In contrast to our hypothesis, FHSU-P subgroups did not differ in terms of reward sensitivity, specifically quantified as computationally derived behavioral measures of positive and negative reward prediction error. Although it is plausible that these subgroups may indeed be comparable on positive and negative reward prediction error, we must also note that the MID task used in ABCD Study is not an optimal task to derive prediction error measures and for examining learning (75, 76). Perhaps the lack of differences in RPE between FHSU-P subgroups reflects this methodological limitation, and therefore, needs further validation. Nevertheless, recent reports have assessed the reliability of RPE, derived from the MID task, in encoding in young populations (48, 77), supporting the notion that RPE variable computed from the MID task may have utility in identifying specific patterns of reward-related brain activation, which in turn may also correlated with impulsivity measures in young populations. In case of the current study, comparing the groups on the RPE variable is an initial assessment for any possible reward sensitivity differences among the subgroups. Based on the established practices of utilizing computational variables in brain neuroimaging, RPE will need to be incorporated in an independent set of whole brain analyses of the sample to investigate for differences in brain activation and connectivity among the subgroups, which in turn may be linked to future drug initiation. An alternative consideration is that although impaired reward processing is associated with drug use initiation, it may not be related to FHSU-P or the underlying biology (78, 79) and in some cases overshadowed by complex interplay of other behavioral traits (80).

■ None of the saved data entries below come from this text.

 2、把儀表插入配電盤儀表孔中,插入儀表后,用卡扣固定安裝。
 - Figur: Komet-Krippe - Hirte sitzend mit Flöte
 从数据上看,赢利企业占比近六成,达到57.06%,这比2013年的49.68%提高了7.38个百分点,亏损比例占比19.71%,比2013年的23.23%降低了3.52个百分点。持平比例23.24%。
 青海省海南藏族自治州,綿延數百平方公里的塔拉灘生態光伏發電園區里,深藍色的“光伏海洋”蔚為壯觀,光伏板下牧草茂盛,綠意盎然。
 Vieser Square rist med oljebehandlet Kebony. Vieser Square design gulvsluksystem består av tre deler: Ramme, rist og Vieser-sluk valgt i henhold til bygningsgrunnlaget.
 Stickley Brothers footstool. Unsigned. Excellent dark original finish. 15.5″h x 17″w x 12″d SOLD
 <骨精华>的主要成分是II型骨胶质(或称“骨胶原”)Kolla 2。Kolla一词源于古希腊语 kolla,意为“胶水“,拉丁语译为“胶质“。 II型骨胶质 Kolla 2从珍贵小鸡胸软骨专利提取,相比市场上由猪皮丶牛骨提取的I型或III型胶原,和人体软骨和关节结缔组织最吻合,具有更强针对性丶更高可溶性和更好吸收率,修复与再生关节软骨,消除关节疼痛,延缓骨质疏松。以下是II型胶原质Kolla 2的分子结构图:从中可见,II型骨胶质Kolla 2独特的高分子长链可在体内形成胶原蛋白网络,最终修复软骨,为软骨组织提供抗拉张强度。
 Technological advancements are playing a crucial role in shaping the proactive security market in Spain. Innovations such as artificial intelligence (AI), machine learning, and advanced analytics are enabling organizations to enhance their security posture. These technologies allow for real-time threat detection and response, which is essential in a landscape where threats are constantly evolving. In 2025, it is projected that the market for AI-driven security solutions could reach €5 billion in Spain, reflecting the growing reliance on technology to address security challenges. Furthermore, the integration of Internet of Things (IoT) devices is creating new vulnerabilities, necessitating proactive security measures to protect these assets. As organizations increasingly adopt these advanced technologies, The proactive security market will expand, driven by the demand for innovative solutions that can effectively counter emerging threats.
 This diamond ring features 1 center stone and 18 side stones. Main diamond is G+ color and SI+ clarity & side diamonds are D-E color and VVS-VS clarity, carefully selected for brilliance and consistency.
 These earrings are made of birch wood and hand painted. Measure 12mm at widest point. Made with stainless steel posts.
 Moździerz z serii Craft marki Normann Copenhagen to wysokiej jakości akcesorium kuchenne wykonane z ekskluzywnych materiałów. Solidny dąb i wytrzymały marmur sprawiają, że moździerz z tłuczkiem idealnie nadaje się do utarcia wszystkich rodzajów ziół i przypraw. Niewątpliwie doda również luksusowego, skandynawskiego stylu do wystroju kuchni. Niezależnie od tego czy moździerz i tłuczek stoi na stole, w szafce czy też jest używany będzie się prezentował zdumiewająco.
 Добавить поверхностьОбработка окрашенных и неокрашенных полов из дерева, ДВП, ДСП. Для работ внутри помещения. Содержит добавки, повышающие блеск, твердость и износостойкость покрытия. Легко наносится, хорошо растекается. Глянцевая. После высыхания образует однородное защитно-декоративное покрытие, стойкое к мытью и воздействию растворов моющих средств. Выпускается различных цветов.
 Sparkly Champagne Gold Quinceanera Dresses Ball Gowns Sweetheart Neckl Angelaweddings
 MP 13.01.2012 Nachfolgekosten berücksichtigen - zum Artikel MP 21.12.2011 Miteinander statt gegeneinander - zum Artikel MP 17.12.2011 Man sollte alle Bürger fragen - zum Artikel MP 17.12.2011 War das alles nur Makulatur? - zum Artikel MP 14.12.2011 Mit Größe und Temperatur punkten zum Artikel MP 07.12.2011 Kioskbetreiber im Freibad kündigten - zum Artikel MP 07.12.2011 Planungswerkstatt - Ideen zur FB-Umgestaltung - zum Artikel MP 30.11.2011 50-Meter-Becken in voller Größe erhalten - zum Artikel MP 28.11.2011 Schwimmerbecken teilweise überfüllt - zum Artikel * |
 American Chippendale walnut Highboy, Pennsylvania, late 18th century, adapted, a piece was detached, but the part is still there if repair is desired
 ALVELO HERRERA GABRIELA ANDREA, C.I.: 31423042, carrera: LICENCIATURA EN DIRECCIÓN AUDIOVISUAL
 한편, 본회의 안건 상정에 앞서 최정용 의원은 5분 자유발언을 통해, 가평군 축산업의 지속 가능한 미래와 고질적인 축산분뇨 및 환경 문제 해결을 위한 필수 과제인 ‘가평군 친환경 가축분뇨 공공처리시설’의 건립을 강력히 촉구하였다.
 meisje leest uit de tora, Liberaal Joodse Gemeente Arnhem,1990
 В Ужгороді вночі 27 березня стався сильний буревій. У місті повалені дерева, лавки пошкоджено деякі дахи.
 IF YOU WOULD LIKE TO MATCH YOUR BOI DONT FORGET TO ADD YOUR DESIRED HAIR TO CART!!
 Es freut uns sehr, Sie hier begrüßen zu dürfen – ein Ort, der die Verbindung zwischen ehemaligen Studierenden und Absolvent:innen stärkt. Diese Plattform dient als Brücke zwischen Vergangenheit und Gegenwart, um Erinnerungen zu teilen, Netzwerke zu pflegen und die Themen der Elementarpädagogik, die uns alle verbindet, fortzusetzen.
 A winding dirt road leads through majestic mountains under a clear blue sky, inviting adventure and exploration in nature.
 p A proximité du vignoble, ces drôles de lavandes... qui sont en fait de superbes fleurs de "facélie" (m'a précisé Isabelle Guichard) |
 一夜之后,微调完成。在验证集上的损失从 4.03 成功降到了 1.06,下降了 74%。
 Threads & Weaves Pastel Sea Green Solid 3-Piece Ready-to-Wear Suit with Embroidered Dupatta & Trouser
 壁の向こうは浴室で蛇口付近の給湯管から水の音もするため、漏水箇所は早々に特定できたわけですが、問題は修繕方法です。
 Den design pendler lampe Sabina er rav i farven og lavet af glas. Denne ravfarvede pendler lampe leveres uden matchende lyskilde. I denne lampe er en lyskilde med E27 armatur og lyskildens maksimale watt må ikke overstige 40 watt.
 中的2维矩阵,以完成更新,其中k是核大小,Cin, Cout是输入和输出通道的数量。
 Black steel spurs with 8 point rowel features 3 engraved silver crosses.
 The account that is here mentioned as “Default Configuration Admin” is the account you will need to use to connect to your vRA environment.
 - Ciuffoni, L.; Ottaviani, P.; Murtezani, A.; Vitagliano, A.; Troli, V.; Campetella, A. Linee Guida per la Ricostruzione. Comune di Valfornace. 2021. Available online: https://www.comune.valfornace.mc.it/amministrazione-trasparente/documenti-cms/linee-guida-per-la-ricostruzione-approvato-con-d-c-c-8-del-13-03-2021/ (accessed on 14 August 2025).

A major novelty of this study is that it attempts to subcategorize a large cohort of young FHSU-P youth in relation to environmental exposures in order to investigate two main objectives: first, that a set of relevant exposures will be able to differentiate independent subgroups with either favorable (possibly protective) and unfavorable environmental exposures, and second, that these groups may show significant differences in some behavioral (e.g., impulsivity) and clinical measures. As such we view the reported results as preliminary but strongly suggest that investigations in similar directions may benefit from using clustering techniques (e.g., k-means, as used in this study) or latent class analyses [latent profile analysis (LPA) or latent class growth analysis (LCGA)], to stratify individuals with FHSU into unique subgroups for more personalized assessments. Indeed, the reported significant differences in impulsivity scores appears to be the most interesting findings especially as a starting point of more detailed investigation for possible brain based differences among the subgroups as it is well established that there are correlations between high impulsivity and indexes of brain morphology and physiology (81, 82). In addition, as this relationship will need to be replicated, it offers the possibility to identify individuals with particular exposure profiles that may benefit from interventions that specifically target impulsivity subtypes (e.g., sensation seeking vs. negative urgency).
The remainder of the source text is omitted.